Alongside these priorities, UK businesses are also putting budget behind improvements to cash flow, employee upskilling, cyber security, and data protection. This all suggests UK businesses are taking a well-balanced approach and are investing across their organisations ‘ and that they expect technical innovation and a capacity for change to become more important characteristics of a business in a post-pandemic world.

The future of international trade is positive, but uncertainty remains

With the UK’s exit from the EU, the ability of UK businesses to trade internationally is an increasingly important factor. Our research found that 68% of UK businesses remain positive about their international trade prospects over the next two years. Additionally, more than three-out-of-five (61%) businesses say they have no plans to stop or reduce trading with existing partners. 

However, caution is advised. More than half (51%) of UK firms expect international trade to become more difficult in the next year as businesses face the economic headwinds presented by the pandemic and new processes and procedures following the end of the transition period. 

New criteria for supply chains

The onset of COVID-19 fuelled massive disruption to firm’s suppliers. In the UK alone, the majority of business leaders (90%) expressed concern about their supply chains related to the pandemic. These concerns are particularly focused on increasing costs, stability and suppliers being far from either target customers or their own business.

Supply chains have been tested like never before and many business leaders are only now understanding the importance of having transparency through each layer of their suppliers. Thirty-one percent of UK businesses have been selecting suppliers based on how effectively the country in which they are based has managed COVID-19.

As firms look towards the year ahead, increased resilience and use of technology within supply chains will continue to be of high importance. In fact, for 81% of UK businesses the use of digital technology is the immediate priority for their supply chains in 2021. 

By incorporating innovative technology into their day-to-day business and diversifying their suppliers to provide greater geographical contingencies; organisations can streamline their operations and help protect them from unpredictable economic uncertainty. These changes will ultimately be essential for businesses to thrive and grow in the months and years ahead.

Sustainability is seen as good for business

The final important factor that will shape businesses in 2021 is sustainability.
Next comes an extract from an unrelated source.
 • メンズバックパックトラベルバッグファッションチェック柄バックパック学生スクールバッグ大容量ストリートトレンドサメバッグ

External pressure to bring about broad change with environmental, social and governance (ESG) targets is increasing. In particular, consumer demands are the strongest driver for sustainability ‘ with consumers spending more time than ever analysing whether a brand’s claims are truthful and, if not, being much harder on that brand than in the past. 
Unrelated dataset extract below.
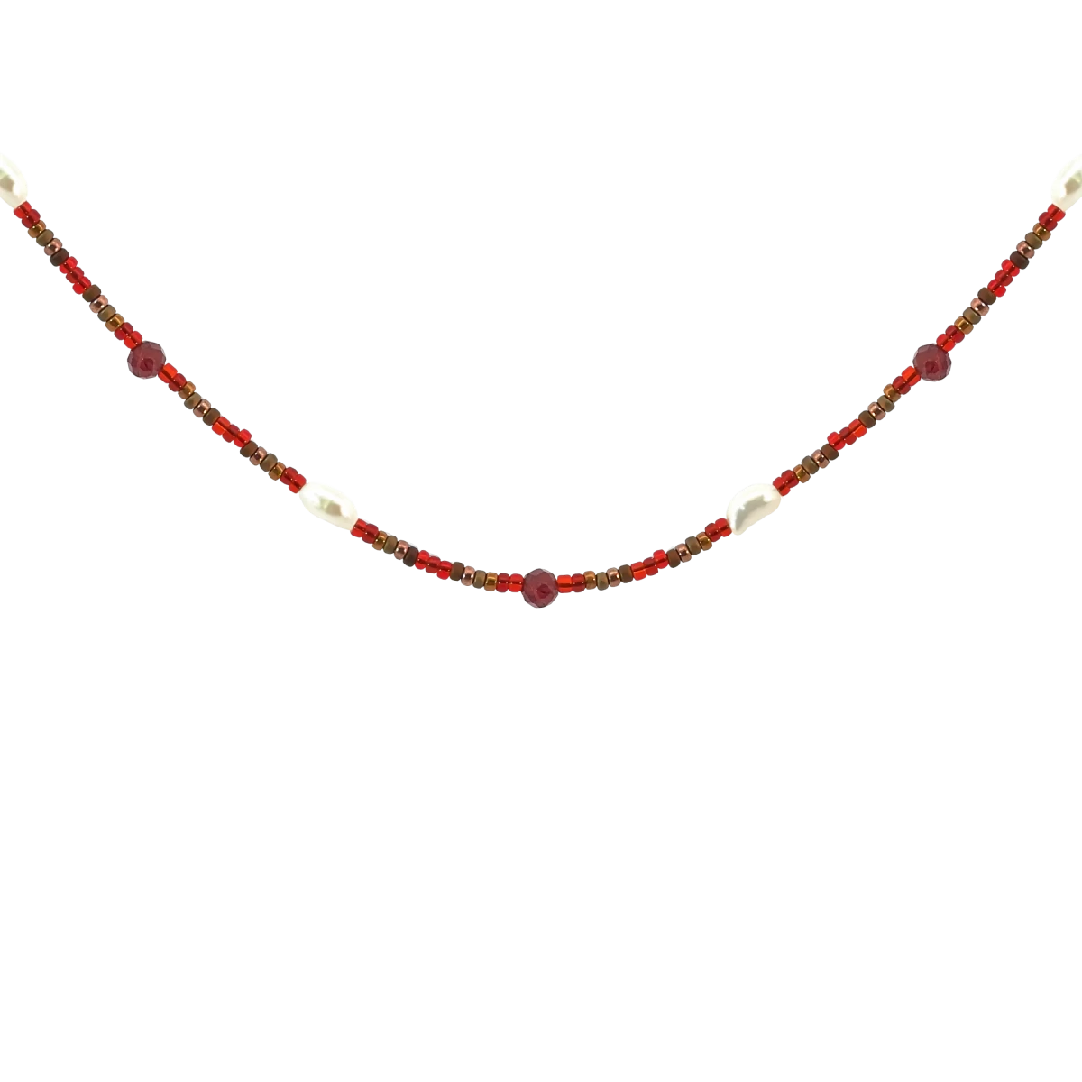 This handmade necklace is where feminine elegance meets modern, festive charm. The sparkling red–burgundy seed beads immediately catch the eye, and their warm tones perfectly harmonize with the deep red garnet stones. Garnet is widely regarded as a stone of strength, passion, and protection, making this piece not only visually stunning but also a source of energy and confidence. The delicately incorporated white rice beads create a fresh, clean contrast to the burgundy tones, highlighting the necklace’s elegance and femininity. Thanks to the practical extension chain, it can be easily adjusted to fit, ensuring comfortable wear for everyday occasions, while also making it an ideal choice for festive events, the winter season, or as a special gift.

Our research found that almost two-thirds (65%) of UK companies have targets set for a broad range of ESG measures. Up to four in ten have annual targets in place, notably for executive pay, energy usage and diversity. More businesses are also measuring some aspects of ESG than in 2019, although levels for measuring governance specifically are lower ‘ this is in line with global trends. 

Investment in ESG is now seen as a benefit to growth. In total, 86% of UK companies think there are multiple opportunities to be had from improving their environmental and ethical sustainability, and more than three quarters (78%) believe their sales will grow through a greater focus on sustainability. 

Although business optimism declined sharply in the UK in 2020 and uncertainty continues to pervade businesses, our results show that they are adapting to this new environment. Of course, there are further challenges ahead as we continue to tackle the pandemic but if businesses continue to look towards new avenues for growth and change, they can build the resilience needed to successfully navigate the next twelve months and beyond.